* **DATA SUPPLIED**:

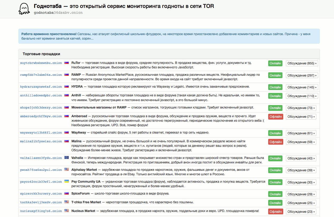 Нужно отметить, что часть ссылок на ресурсы Темного Интернета может не открыться. Это вполне нормально, не стоит удивляться. Это не обычная сеть, здесь не все работает так гладко как вы привыкли.
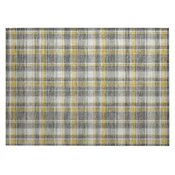 Gray Yellow and White 2 ft. x 3 ft. Woven Plaid Rectangle Indoor/Outdoor Area Rug
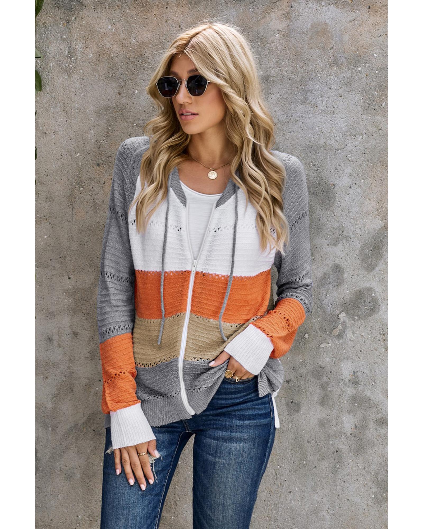 Gray Zipped Front Colorblock Hollow-out Knit Hoodie – L
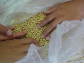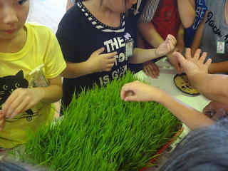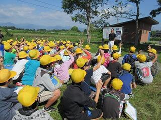 「お米との出会い」の学習・・・今日は苗を触ったり・・・、もみ殻を手に乗せてみたり、・・食べてみたり・・・。ワクワクする学習が講堂で展開されました。
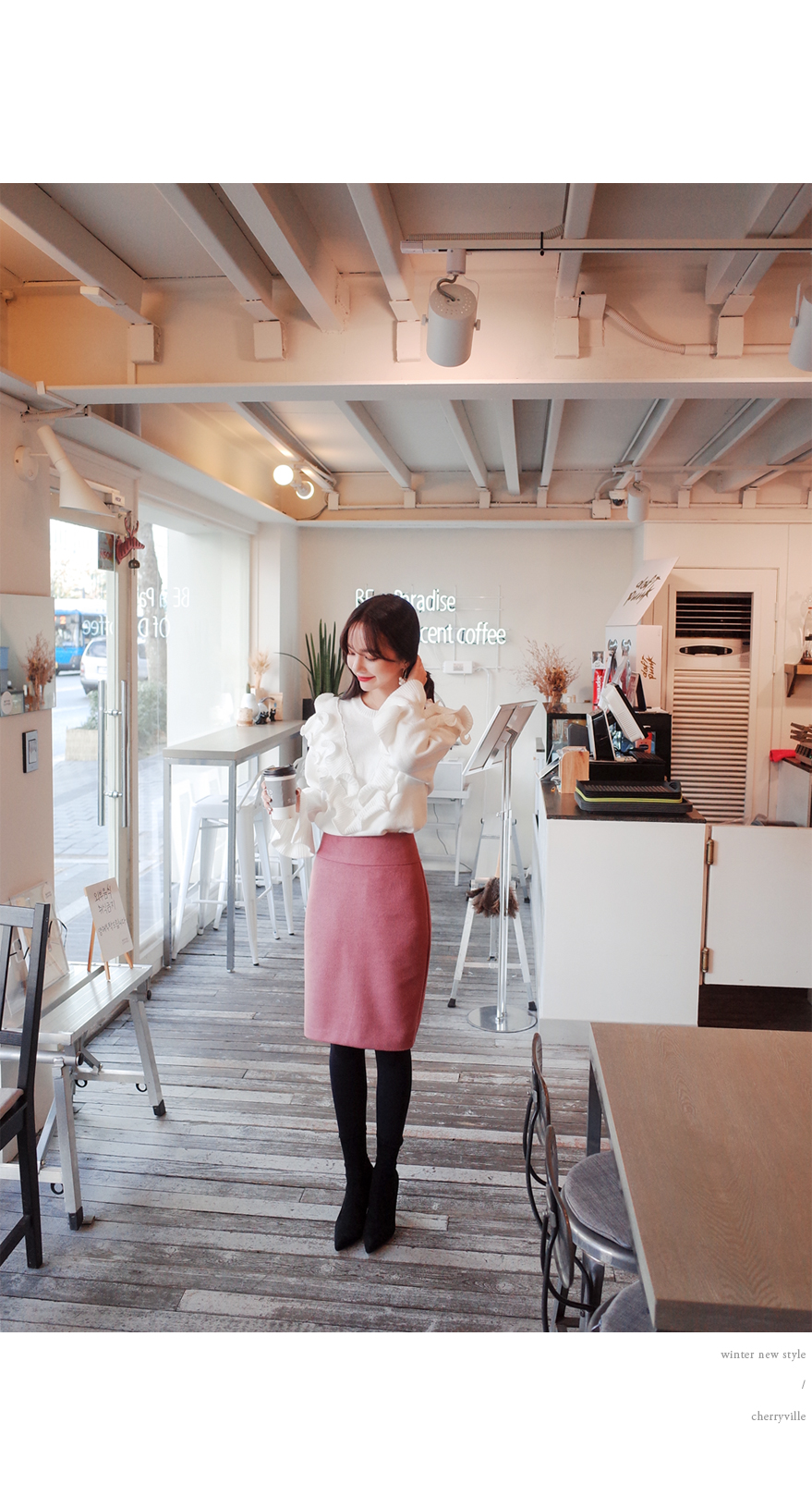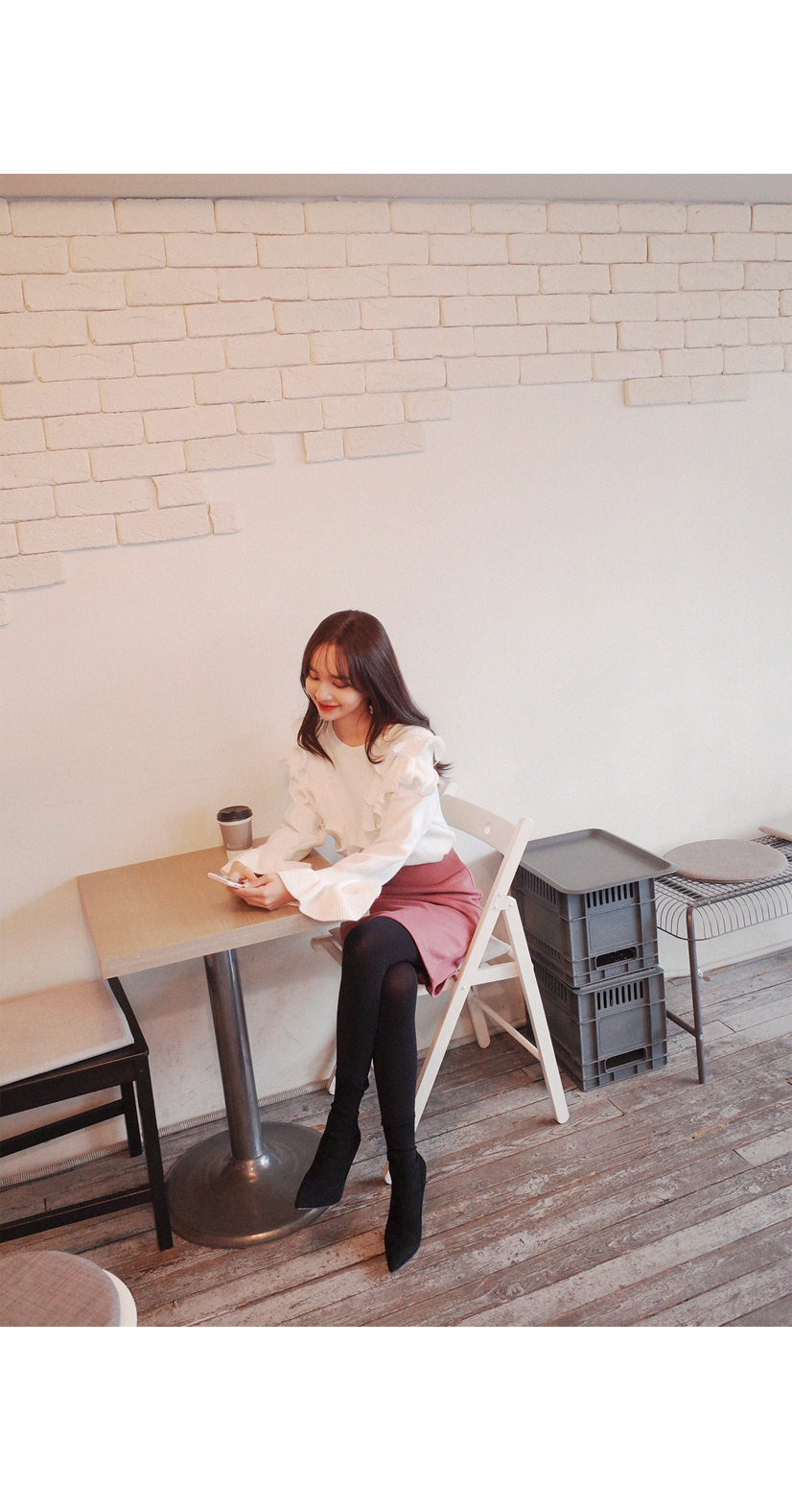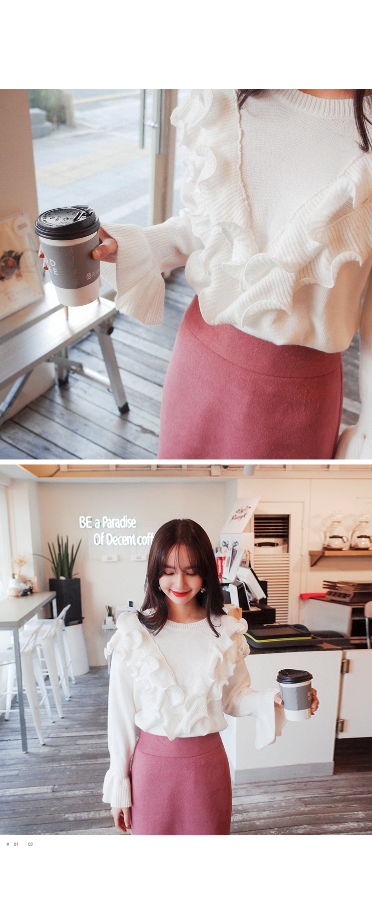 셔링스타일로 러블리한 느낌이 너무 예쁜 니트입니다

* **PROBLEM DESCRIPTION**: Please repeat, exactly as written, only the lines from the line with "Gray Zipped Front" to the end of the data, leaving out every picture.

* **SOLUTION FOR THIS PROBLEM**:
 Gray Zipped Front Colorblock Hollow-out Knit Hoodie – L
 「お米との出会い」の学習・・・今日は苗を触ったり・・・、もみ殻を手に乗せてみたり、・・食べてみたり・・・。ワクワクする学習が講堂で展開されました。
 셔링스타일로 러블리한 느낌이 너무 예쁜 니트입니다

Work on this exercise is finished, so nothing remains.